(Collection entries)
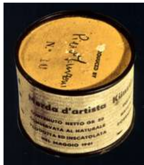
Mierda de artista n. 010, 1961. (4,8 x 6,5 cm.)
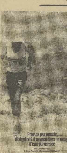
Widok ale także specjalny spryskiwacz, dzięki któremu odważnemu biegaczowi mogło się zdawać, że biega w czasie letniego deszczu.
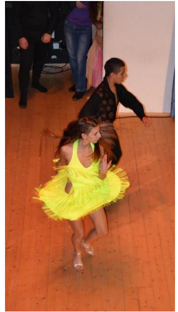
Tanzgruppe aus Haifa
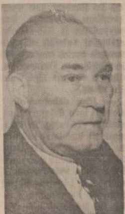
Red Ruffing, sulaukęs 62 metų amžiaus, paskirtas į gerų beisbolininkų Garbės Sąj. Savo laiku jis buvo labai geras žaidėjas.
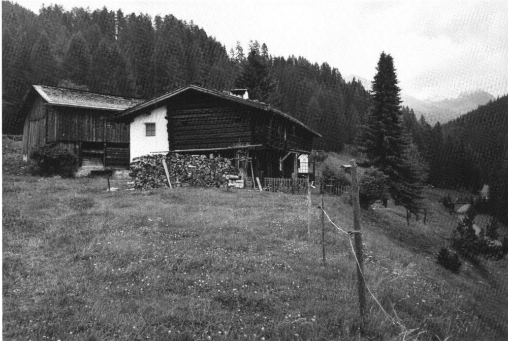
Abb. 4 Das Haus «Auf dem Wildboden» am Eingang des Sertig-Tals bei Davos, wo Kirchner 1923–1938 wohnte und arbeitete.

graph Balthasar Burkhard mit grossformatigen Aufnahmen der Bergwelt. Ebenso wichtig wäre eine verstärkte Präsentation in der nationalen Museumslandschaft. Noch immer gilt das Kirchner Museum manchem als «Museum
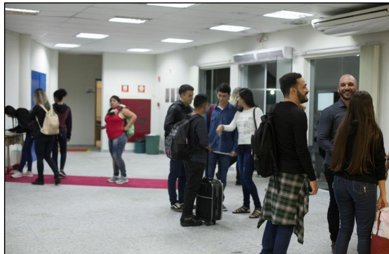
IMAGEM 3: ESPAÇO EXPOSITIVO SIMULANDO A ENTRADA NA IGREJA

- Aim of the exercise
Among the lines above, which ones hold the string "Kirchner"? Show them.

- Response below
Abb. 4 Das Haus «Auf dem Wildboden» am Eingang des Sertig-Tals bei Davos, wo Kirchner 1923–1938 wohnte und arbeitete.
graph Balthasar Burkhard mit grossformatigen Aufnahmen der Bergwelt. Ebenso wichtig wäre eine verstärkte Präsentation in der nationalen Museumslandschaft. Noch immer gilt das Kirchner Museum manchem als «Museum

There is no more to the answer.